◆ **ACTIVITY**
Repeat each record below exactly, dropping the pictures.

◆ **DATA PROVIDED**
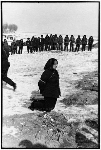 Related to this is the cruelty that the photos depict. There is no pity shown for the victims forced to humiliate themselves, who are physically tormented, and who were sometimes killed. What is portrayed is a merciless public scapegoating of people, often for the most trivial or spurious of reasons. People were accused of belonging to one of the “four elements” — landlords, rich peasants, counter-revolutionaries, or “bad characters” (55), and they were dealt with summarily. Physical violence was common; but so too was a deep and sustained imposition of shaming on the hapless school teacher, local party official, or slightly better-off peasant. Li describes the scene of the execution of seven men and one woman, two of whom were “counter-revolutionaries” because of a flyer they had published titled “Looking North”. The scene of the execution troubled Li for many years. “All eight were put on the backs of trucks in pairs, driven through town, then out to the countryside northwest of Harbin. There, on the barren grounds of the Huang Shan Cemetery, they were lined up, hands tied behind their backs, and forced to kneel. They were all shot in the back of the head” (139). The sequence of photos Li took of this execution are harrowing. The final photos of the volume depict the execution of Wang Shouxin, a former Party branch secretary, on charges of embezzlement, in 1980 (after the end of the Cultural Revolution). Li Zhensheng was present for this killing as well. (The woman kneeling in the photo above is Wang.)
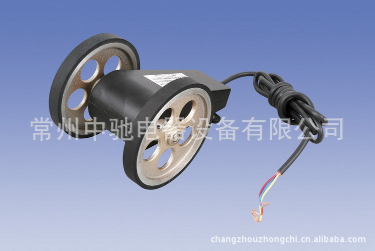 本公司生产的JMQ系列长度测量计米轮广泛应用于包装、印刷、造纸、纺织、印染、橡胶、塑料、线材、等行业中各类传动设备上作为精密长度测量装置。计米轮分为三种型号规格:JMQ-1(米级)、JMQ-2(分米级)、JMQ-3(厘米级)。计米轮的轮盘是由特种耐磨防滑橡胶合成材料与铝合金轮盘框架组合而成,长期使用磨损很少,确保计量精度;内部电路采用独特的设计方法,抗干扰能力强:因而整机具有性能稳定可靠,故障率低等显著优点。
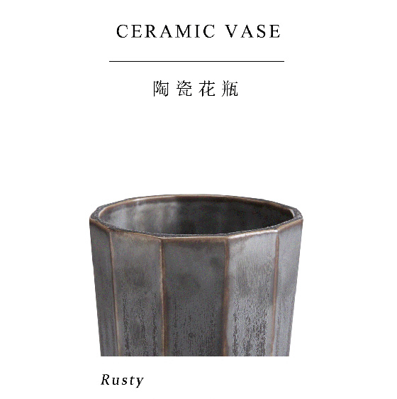 Rusty楞面幾何花瓶系列,采用炻瓷材質(zhì),施以深沉卻富有變化的釉色,帶有棱角的硬朗造型與獨特的金屬感相碰撞,質(zhì)感粗礪淳厚。
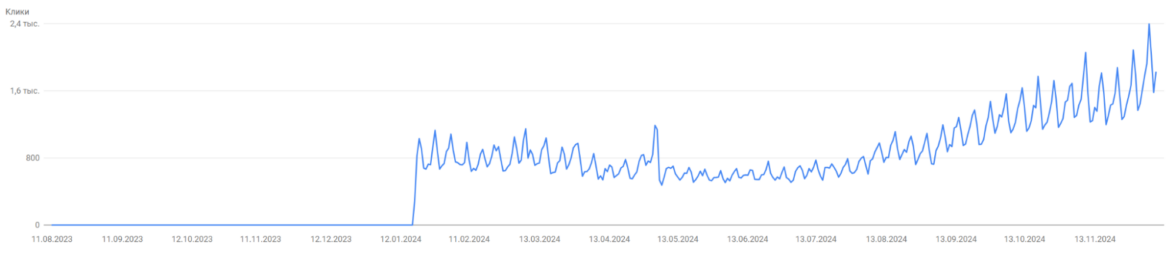 На графике показан рост трафика для одной подборки сразу после внедрения решения. Страницы материалов с микроразметкой попали в блок рецептов Google. Суммарно за 11 месяцев 2024 года сайт получил около 68 тысяч кликов по ним
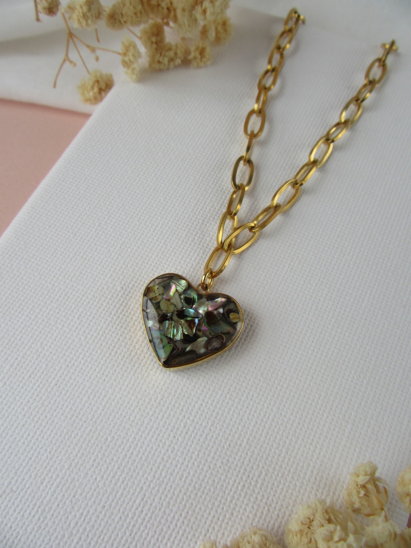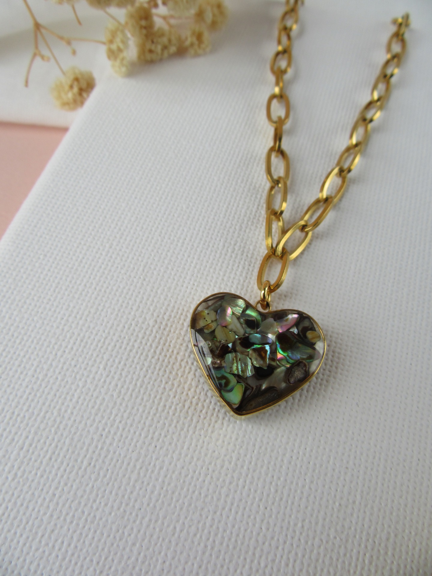 Colar simples feito à mão em aço inoxidável dourado, com medalha com pedra neutra em forma de coração e com extensor de 5 cm garatindo o ajuste perfeito, a durabilidade e o conforto.
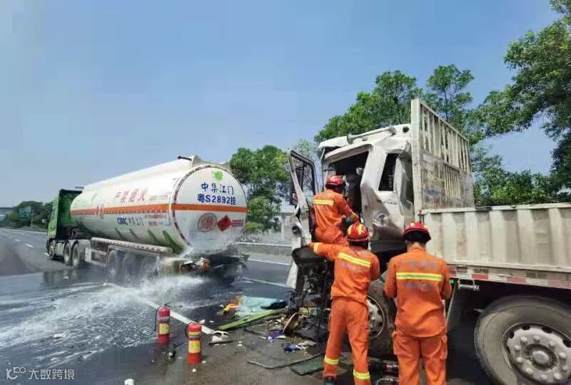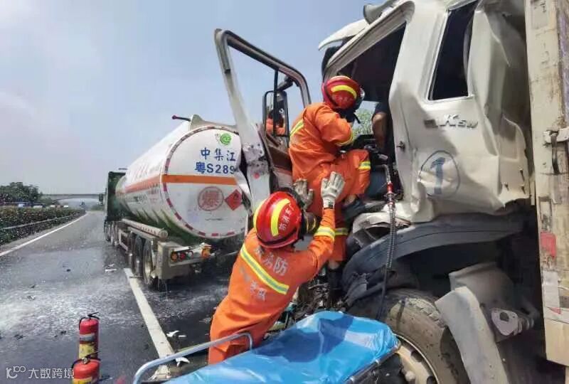 广东惠州高速上3车追尾,30吨化工危化品泄漏!
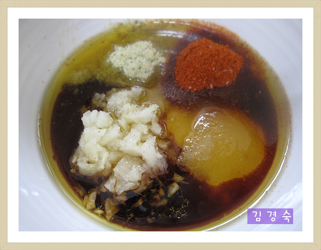 들기름 1큰술에 고운고춧가루 반큰술, 들깨가루 1큰술, 다진마늘,설탕1큰술
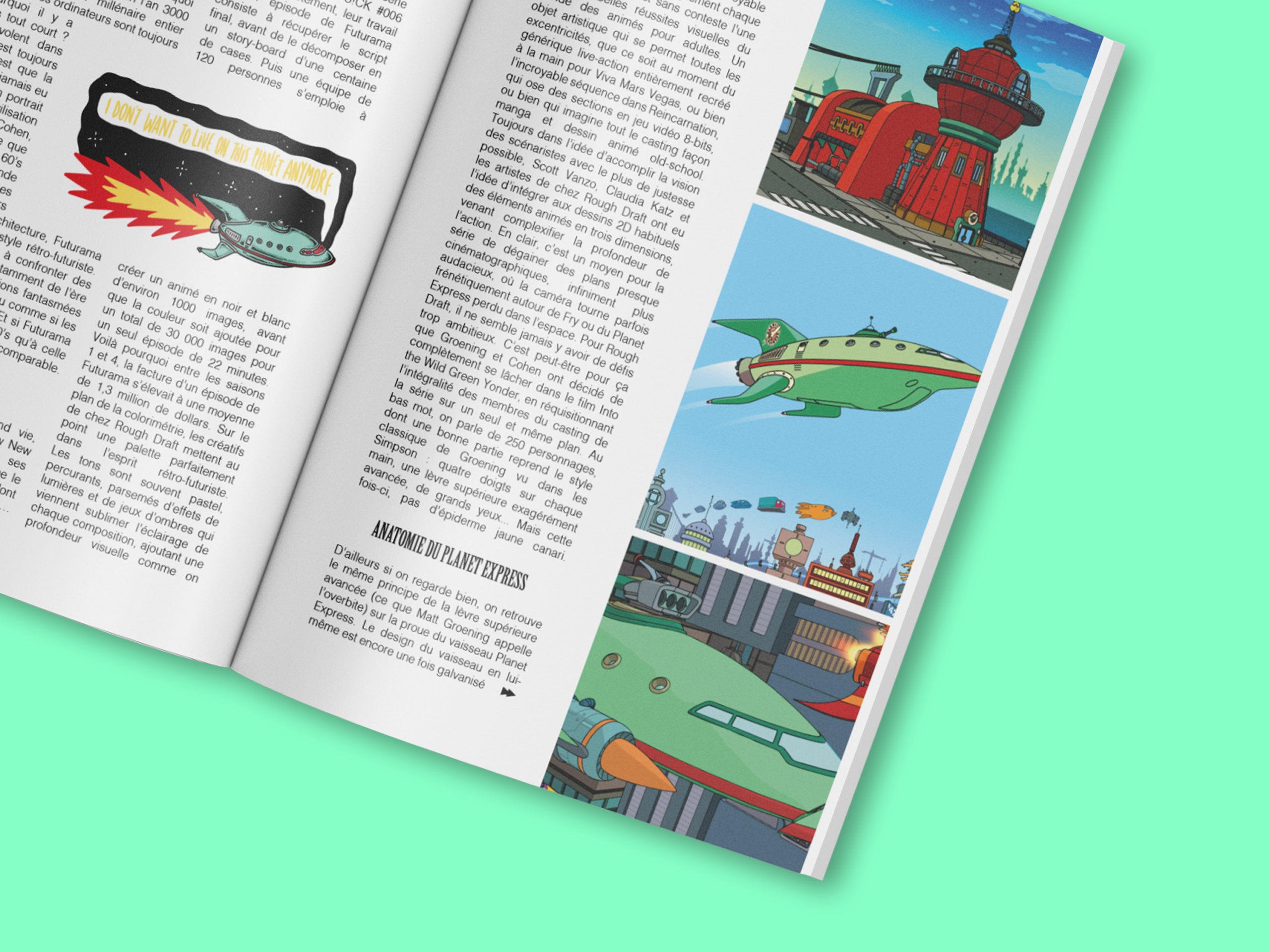 De son lien avec l’art rétro-futuriste en passant l’influence omniprésente de la télévision, sans oublier la satire vitriolée de notre société contemporaine, notre grand dossier de couverture plonge dans une série d’animation perchée quelque-part entre l’anticipation et la dystopie. L’occasion d’aborder la conception de son générique emblématique, l’architecture de New New York, en passant par la conception même du vaisseau Planet Express, tout en gardant un oeil sur son propre rapport à l’image — les shows fictifs, fausses publicité, et mise en abîme de la télévision qui traverse les épisodes de la série. Le tout est signé d’une couverture recto/verso de l’artiste Albert Montoya. Au sommaire de ce numéro, on revient aussi sur la conquête de l’Est dans Red Dead Redemption, le purgatoire du gore de Brain Dead ou The Revenant.
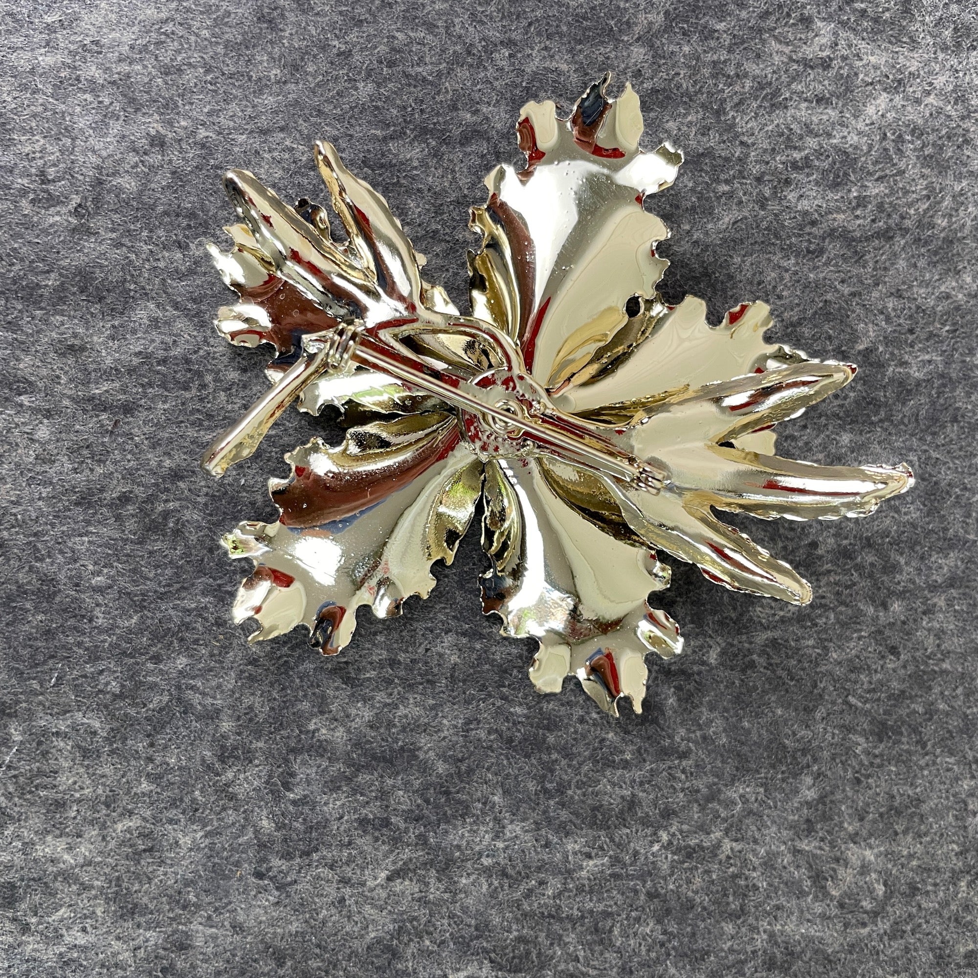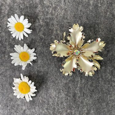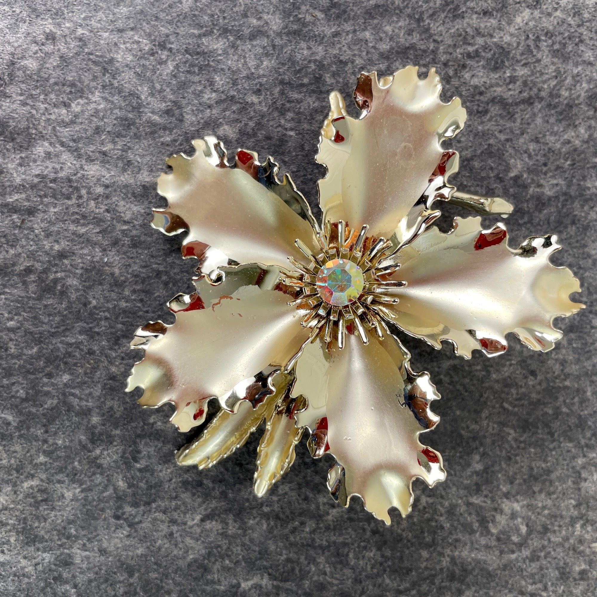 Goldtone flower brooch with aurora borealis rhinestone center - 1960s vintage
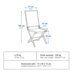 Quechua CHAISE DE TABLE PLIANTE ET CONFORTABLE POUR LE CAMPING
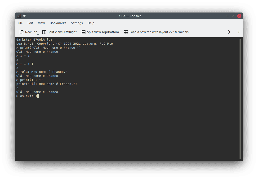 Doravante, toda vez que você ler um bloco de código em Lua e quiser executá-lo manualmente no interpretador, basta seguir os passos anteriores.
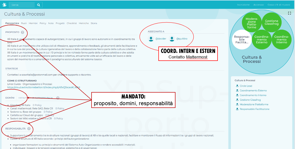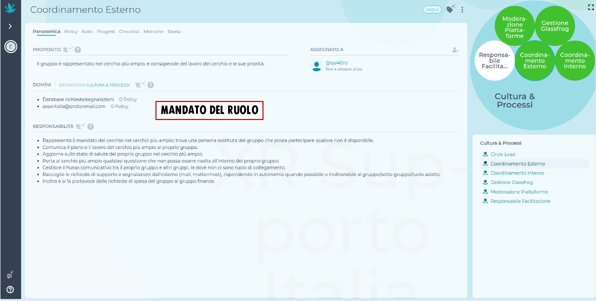 Questa è la schermata da cui si possono creare ruoli e sottocerchi con i propri mandati e domini, oltre che eleggere i coordinatori esterni e interni e modificare i sottocerchi.

◆ **SOLUTION FOR THIS EXERCISE**
 Related to this is the cruelty that the photos depict. There is no pity shown for the victims forced to humiliate themselves, who are physically tormented, and who were sometimes killed. What is portrayed is a merciless public scapegoating of people, often for the most trivial or spurious of reasons. People were accused of belonging to one of the “four elements” — landlords, rich peasants, counter-revolutionaries, or “bad characters” (55), and they were dealt with summarily. Physical violence was common; but so too was a deep and sustained imposition of shaming on the hapless school teacher, local party official, or slightly better-off peasant. Li describes the scene of the execution of seven men and one woman, two of whom were “counter-revolutionaries” because of a flyer they had published titled “Looking North”. The scene of the execution troubled Li for many years. “All eight were put on the backs of trucks in pairs, driven through town, then out to the countryside northwest of Harbin. There, on the barren grounds of the Huang Shan Cemetery, they were lined up, hands tied behind their backs, and forced to kneel. They were all shot in the back of the head” (139). The sequence of photos Li took of this execution are harrowing. The final photos of the volume depict the execution of Wang Shouxin, a former Party branch secretary, on charges of embezzlement, in 1980 (after the end of the Cultural Revolution). Li Zhensheng was present for this killing as well. (The woman kneeling in the photo above is Wang.)
 本公司生产的JMQ系列长度测量计米轮广泛应用于包装、印刷、造纸、纺织、印染、橡胶、塑料、线材、等行业中各类传动设备上作为精密长度测量装置。计米轮分为三种型号规格:JMQ-1(米级)、JMQ-2(分米级)、JMQ-3(厘米级)。计米轮的轮盘是由特种耐磨防滑橡胶合成材料与铝合金轮盘框架组合而成,长期使用磨损很少,确保计量精度;内部电路采用独特的设计方法,抗干扰能力强:因而整机具有性能稳定可靠,故障率低等显著优点。
 Rusty楞面幾何花瓶系列,采用炻瓷材質(zhì),施以深沉卻富有變化的釉色,帶有棱角的硬朗造型與獨特的金屬感相碰撞,質(zhì)感粗礪淳厚。
 На графике показан рост трафика для одной подборки сразу после внедрения решения. Страницы материалов с микроразметкой попали в блок рецептов Google. Суммарно за 11 месяцев 2024 года сайт получил около 68 тысяч кликов по ним
 Colar simples feito à mão em aço inoxidável dourado, com medalha com pedra neutra em forma de coração e com extensor de 5 cm garatindo o ajuste perfeito, a durabilidade e o conforto.
 广东惠州高速上3车追尾,30吨化工危化品泄漏!
 들기름 1큰술에 고운고춧가루 반큰술, 들깨가루 1큰술, 다진마늘,설탕1큰술
 De son lien avec l’art rétro-futuriste en passant l’influence omniprésente de la télévision, sans oublier la satire vitriolée de notre société contemporaine, notre grand dossier de couverture plonge dans une série d’animation perchée quelque-part entre l’anticipation et la dystopie. L’occasion d’aborder la conception de son générique emblématique, l’architecture de New New York, en passant par la conception même du vaisseau Planet Express, tout en gardant un oeil sur son propre rapport à l’image — les shows fictifs, fausses publicité, et mise en abîme de la télévision qui traverse les épisodes de la série. Le tout est signé d’une couverture recto/verso de l’artiste Albert Montoya. Au sommaire de ce numéro, on revient aussi sur la conquête de l’Est dans Red Dead Redemption, le purgatoire du gore de Brain Dead ou The Revenant.
 Goldtone flower brooch with aurora borealis rhinestone center - 1960s vintage
 Quechua CHAISE DE TABLE PLIANTE ET CONFORTABLE POUR LE CAMPING
 Doravante, toda vez que você ler um bloco de código em Lua e quiser executá-lo manualmente no interpretador, basta seguir os passos anteriores.
 Questa è la schermata da cui si possono creare ruoli e sottocerchi con i propri mandati e domini, oltre che eleggere i coordinatori esterni e interni e modificare i sottocerchi.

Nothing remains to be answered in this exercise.